WHAT IS EXPECTED.
You are asked to repeat the listing word for word and to leave out its pictures.

DATASET CONTENT.
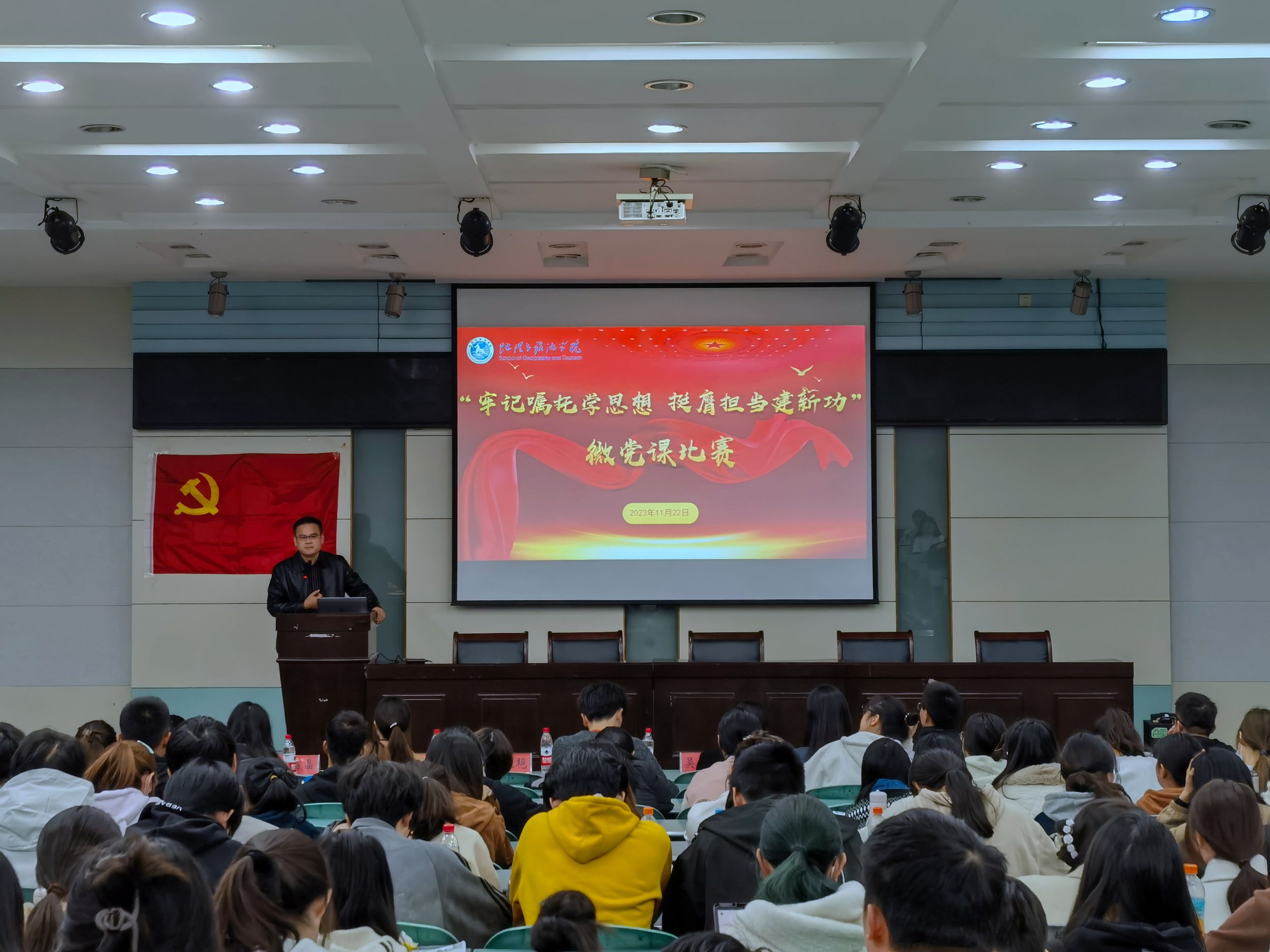 在学院实验楼101报告厅开展“牢记嘱托学思想,挺膺担当建新功”微党课比赛。学院党委副书记付勇、团委副书记吴文涵、本科生各党支部书记到场并担任评委,第15期学生党员培训班学员、第66期入党积极分子培训班学员参与观摩学习。本次活动由2022级城乡规划专业刘京川主持。
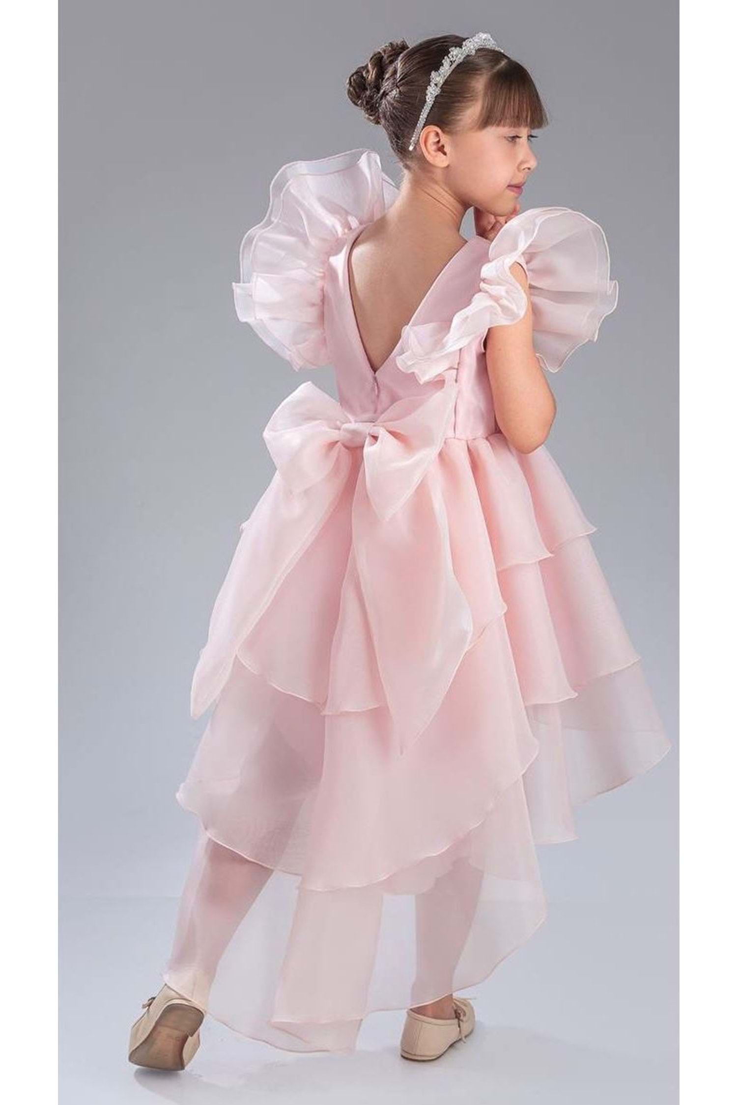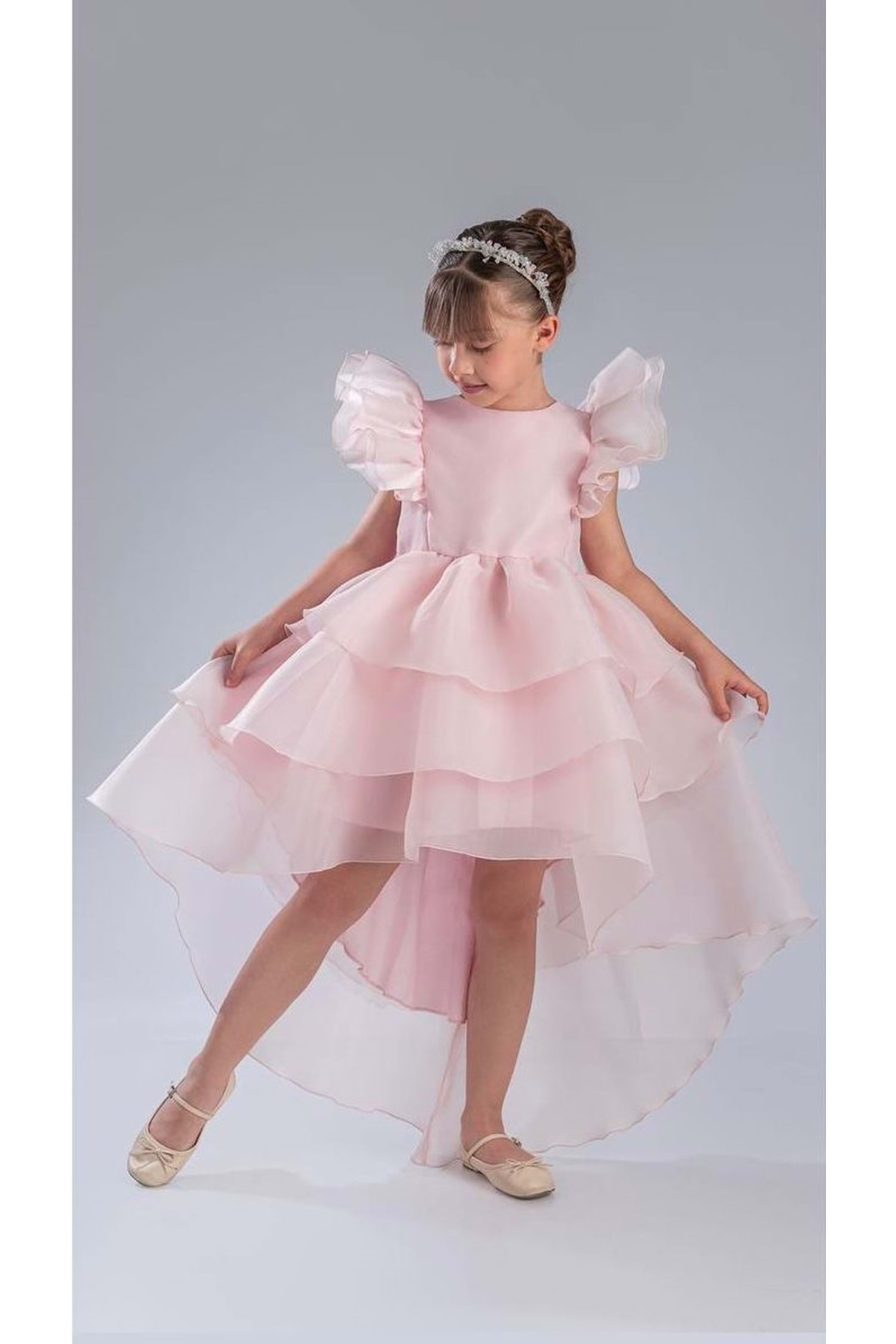Elbisenin bel kısmından başlayan kat kat tül detayları, eteğe hacimli bir görünüm kazandırırken, arkaya doğru uzayan kuyruk detayı şıklığı zirveye taşır. Kol kısmındaki kabarık fırfır detayları ise prenses temalı davetler için mükemmel bir tamamlayıcıdır. Sırt kısmında kullanılan gipeli elastik yapı hem rahatlık sağlar hem de çocuğunuzun vücuduna tam oturur.
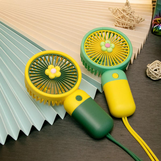 Flower Color Block Portable Fan - USB Rechargeable, Handheld, Compact & Quiet, Perfect for Summer Cooling On-the-Go
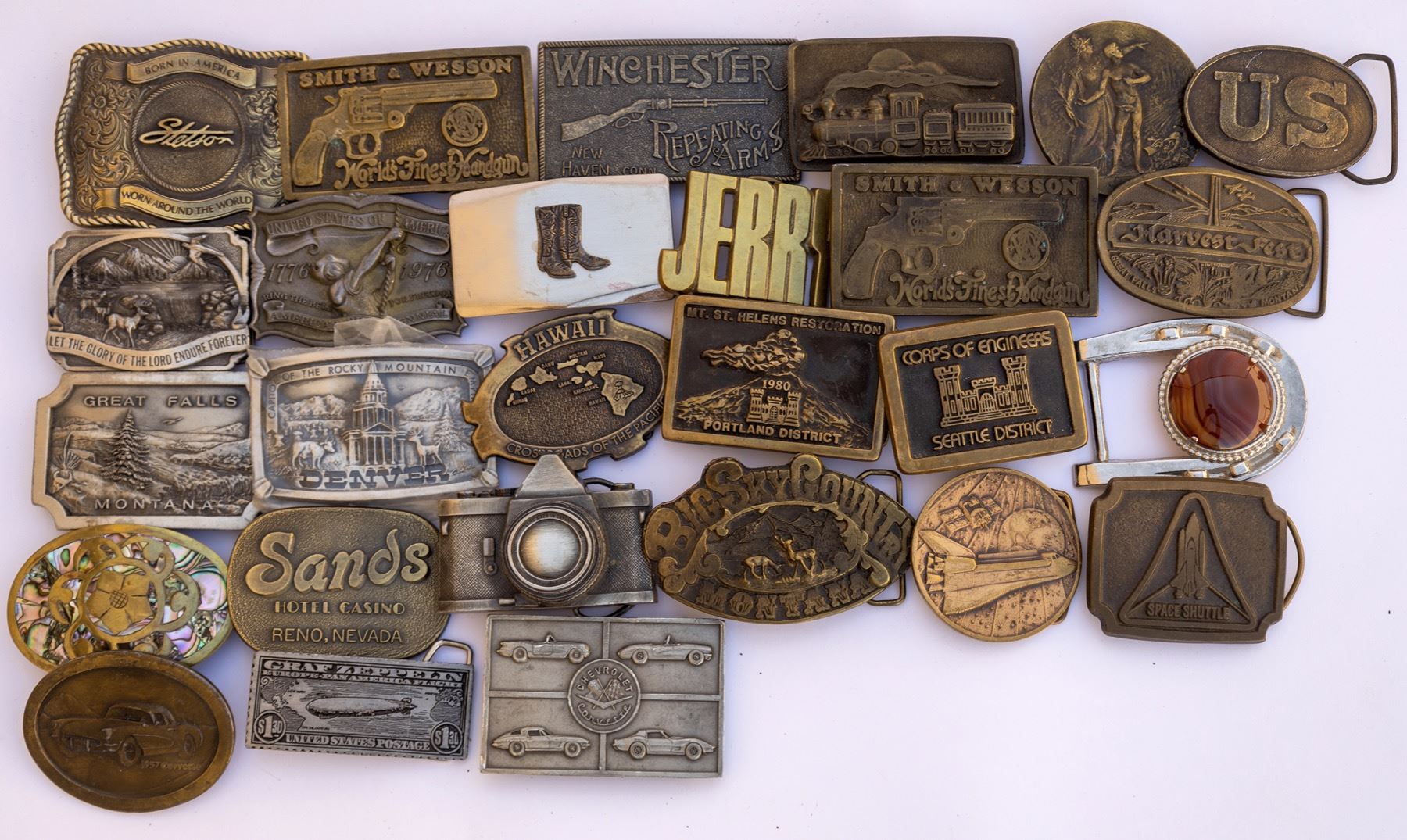 This is one lot you need to see the photograph to visualize what is there. There is a Stetson, Great Falls, Harvest fest, Mt. St. Helens Restoration, Corp of Engineers Seattle, 1957 Corvette, Smith & Wesson, Winchester Repeating Arms, U. S. in military style, Sands Casino in Reno, Graf Zeppelin, cowboy boots, etc. State: City: Date: Provenance:
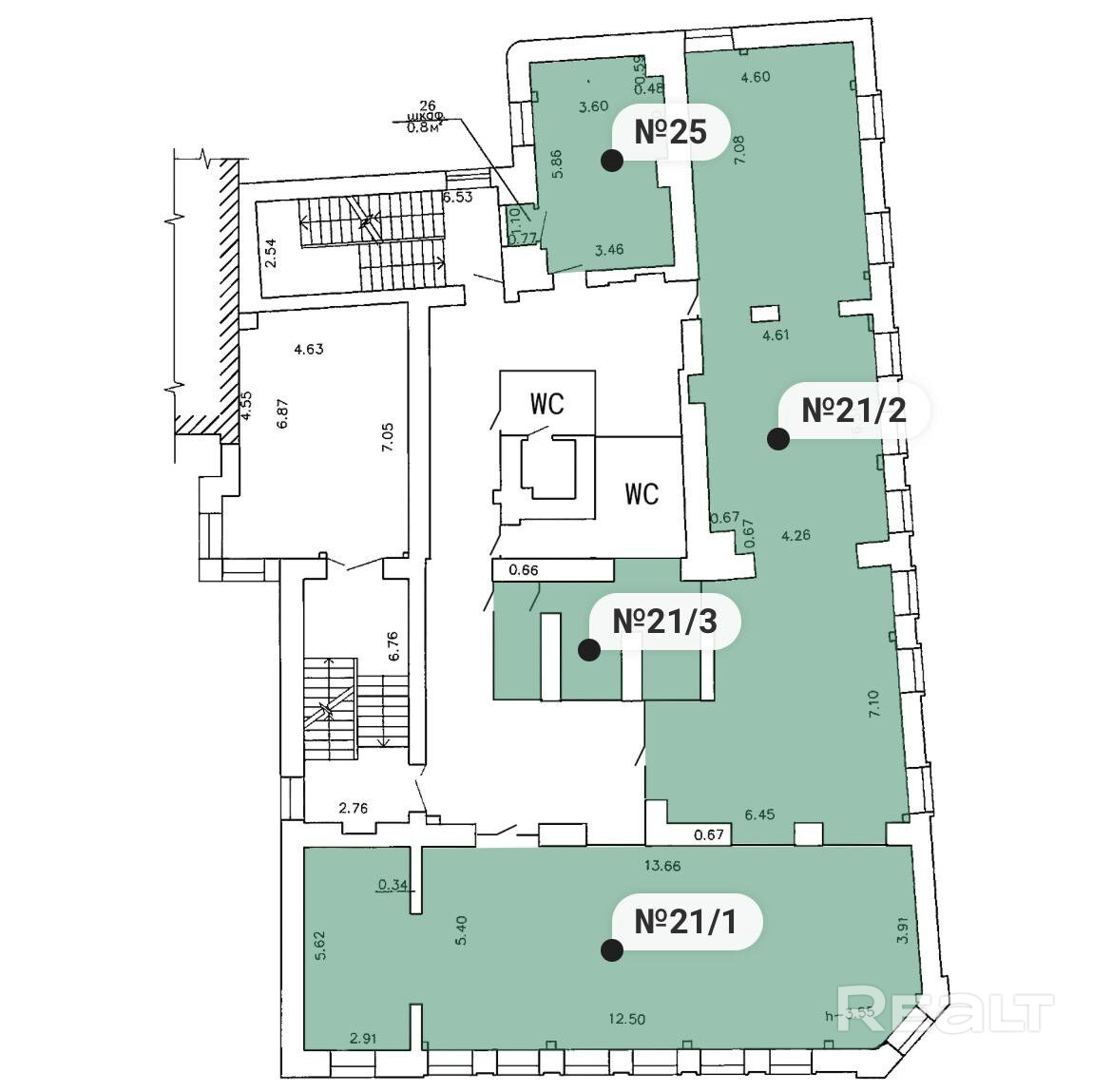 !СКИДКА 50% ПЕРВЫЕ 2 МЕСЯЦА! Сдаются в аренду офисные помещения кабинет №21/1 93,10 м² - 2790 руб. (~30 руб./м²) кабинет №21/2 106,30 м² - 3180 руб. (~30 руб./м²) кабинет №21/3 16 м² - 480 руб. (~30 руб./м²) кабинет №21/3 21,40 м² - 770 руб. (~36 руб./м²) Узнаваемое трехэтаж. здание в историческом центре Гродно в пешеходной зоне с высокой проходимостью. Удачное расположение обеспечивает всей инфраструктурой: кафе, магазины, остановки общественного транспорта, а также бесплатная парковка

SOLUTION TO THIS PROBLEM.
 在学院实验楼101报告厅开展“牢记嘱托学思想,挺膺担当建新功”微党课比赛。学院党委副书记付勇、团委副书记吴文涵、本科生各党支部书记到场并担任评委,第15期学生党员培训班学员、第66期入党积极分子培训班学员参与观摩学习。本次活动由2022级城乡规划专业刘京川主持。
Elbisenin bel kısmından başlayan kat kat tül detayları, eteğe hacimli bir görünüm kazandırırken, arkaya doğru uzayan kuyruk detayı şıklığı zirveye taşır. Kol kısmındaki kabarık fırfır detayları ise prenses temalı davetler için mükemmel bir tamamlayıcıdır. Sırt kısmında kullanılan gipeli elastik yapı hem rahatlık sağlar hem de çocuğunuzun vücuduna tam oturur.
 Flower Color Block Portable Fan - USB Rechargeable, Handheld, Compact & Quiet, Perfect for Summer Cooling On-the-Go
 This is one lot you need to see the photograph to visualize what is there. There is a Stetson, Great Falls, Harvest fest, Mt. St. Helens Restoration, Corp of Engineers Seattle, 1957 Corvette, Smith & Wesson, Winchester Repeating Arms, U. S. in military style, Sands Casino in Reno, Graf Zeppelin, cowboy boots, etc. State: City: Date: Provenance:
 !СКИДКА 50% ПЕРВЫЕ 2 МЕСЯЦА! Сдаются в аренду офисные помещения кабинет №21/1 93,10 м² - 2790 руб. (~30 руб./м²) кабинет №21/2 106,30 м² - 3180 руб. (~30 руб./м²) кабинет №21/3 16 м² - 480 руб. (~30 руб./м²) кабинет №21/3 21,40 м² - 770 руб. (~36 руб./м²) Узнаваемое трехэтаж. здание в историческом центре Гродно в пешеходной зоне с высокой проходимостью. Удачное расположение обеспечивает всей инфраструктурой: кафе, магазины, остановки общественного транспорта, а также бесплатная парковка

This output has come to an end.